A hash map (dictionary) stores key-value pairs and supports insert and lookup in O(1) on average. It is the single most useful tool for turning an O(n²) 'compare every pair' brute force into an O(n) solution.
Remember what you have seen
As you scan once, store each element (or its count) in a hash map. Then any 'have I seen X?' or 'how many of X?' question is answered instantly, without a second loop.
Two Sum in one pass
seen = {} // value -> index
for i = 0 to n-1:
need = target - A[i]
if need in seen: return (seen[need], i)
seen[A[i]] = iO(n) average→O(n)
One pass; the map can hold up to n entries.
⚡ The edge
- Whenever the brute force is 'for each element, scan the rest' (O(n²)), ask: can a hash map remember what I've already seen and make the inner scan O(1)?
- Use a map for counts and a set when you only need membership (have I seen this before?).
Worked example
Find two numbers in [2, 7, 11, 15] that add to 9.
- Scan once, asking for each number what partner it needs: 9 - 2 = 7.
- Store 2 in the map. Next is 7; it needs 9 - 7 = 2, which is already in the map.
- So 2 and 7 form the pair — found in a single pass.
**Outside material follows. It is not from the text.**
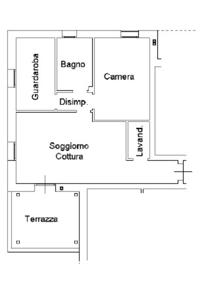 L'immobile è composto da ingresso, soggiorno con angolo cottura con accesso al terrazzo abitabile di circa 14 mq. La zona notte comprende una camera matrimoniale, una cameretta/guardaroba e un bagno finestrato dotato di vasca.

Answer: 2 and 7 (indices 0 and 1), in O(n)
Worked example
Find the first non-repeating character in 'aabbcde'.
- First pass: count each character -> a:2, b:2, c:1, d:1, e:1.
- Second pass in order: a (2) repeats, b (2) repeats, c (1) does not.
- So 'c' is the first character with a count of one.
Answer: 'c' (two passes, O(n))
⚠ Watch out
- Hash operations are O(1) average, but O(n) in the rare worst case of many collisions.
- A hash map uses O(n) extra memory — the price for the speed-up.
- Keys must be hashable and stable; don't use a changing object as a key.